A RECORDING of Rochester Cathedral Choir, made in 1926 and discovered by a member of the City of London Phonograph and Gramophone Society, is believed to be one of the earliest live recordings of a cathedral choir in situ, as opposed to in a studio.

The music on the record, conducted by the cathedral organist from 1916 to 1930, Charles Hylton Stewart, is Stanford’s Magnificat in B flat and the hymn “All people that on earth do dwell” (Old Hundredth). The organ is played by the then assistant organist, Percy Whitlock, better known as a composer, who had previously been a chorister at Rochester.

It was made by Columbia Records, which had begun recording with electronic microphones in 1925. The recording was transferred live, by GPO telephone lines, to Columbia Studios in Westminster, and cut into a 12-inch, 8rpm shellac record.
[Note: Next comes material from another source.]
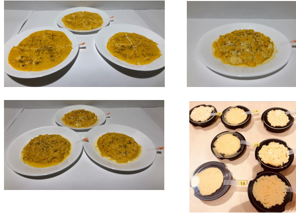
Figure.3 Cooking results of “Fuhafuha Tofu”.

uniquely determined is set as explanatory variables. In the estimation of explanatory variables, we focus on the following two perspectives. One is the existence of a quantitative expression for the foodstuff. Quantitative amount for a foodstuff can be set as an explanatory variable, if the required input of the foodstuff is not specifically specified. The second is the presence or absence of degree expressions for the cooking and processing operations. We focus on the time required for the cooking and processing operations, and the amount and intensity of the operations. For example, the heating time and heat level in the heating process, and the degree of force and stirring time in the stirring process. Here, we add that even if the specific amount and degree of manipulation are not described as quantitative expressions, the state of change of the food after the cooking and processing operation can be described specifically. For example, whipping cream until it becomes cubed, or continuing heating until the surface of the food becomes white, such descriptions can be interpreted as unambiguous expressions. In this example of “Fuhafuha Tofu”, we set the degree of mixing in "well-mixed" and the degree of heat and heating time in "simmering". In this example, the degree of mixing in "well-mixed" and the degree of heat and heating time in "simmering" were set as explanatory variables.

The very first electrical recording was from Westminster Abbey, at the burial of the Unknown Soldier, on 11 November 1920. Six years later, on 1 November 1926, the Abbey’s Special Choir and the Chapel Royal, directed by Sydney Nicholson, recorded Parry’s “Never Weather Beaten Sail”, on side 1, and Weelkes’s Gloria in Excelsis Deo, on side 2. It was released commercially by Columbia in February 1927.

The Rochester recording has impressed those who have listened to it. Glyn Paflin, this paper’s arts editor, describes the diction and intonation as excellent. “Each beat is emphasised very firmly, perhaps more so than you would now,” he says.

“That may be because the fairly primitive technology meant that they needed to be slightly more emphatic than they normally would be, though it could also have been the contemporary performance practice at Rochester.”

The man to find the recording, Michael Curling, has given it to the cathedral, to the delight of James Strike, the archivist of the Rochester Cathedral Old Choristers’ Association. It has been converted on to CD, and will be played during this Sunday’s choral evensong at the cathedral, which will celebrate the Old Choristers Association

The present director of music, Adrian Bawtree, said: “We are delighted to be sharing this historic recording with you all. To hear the choir in such good heart back in 1926, and to hear the famous Percy Whitlock at the organ, is just simply fantastic. We will do our best to continue to sing with the Spirit when we combine with our Old Choristers on 19 May.”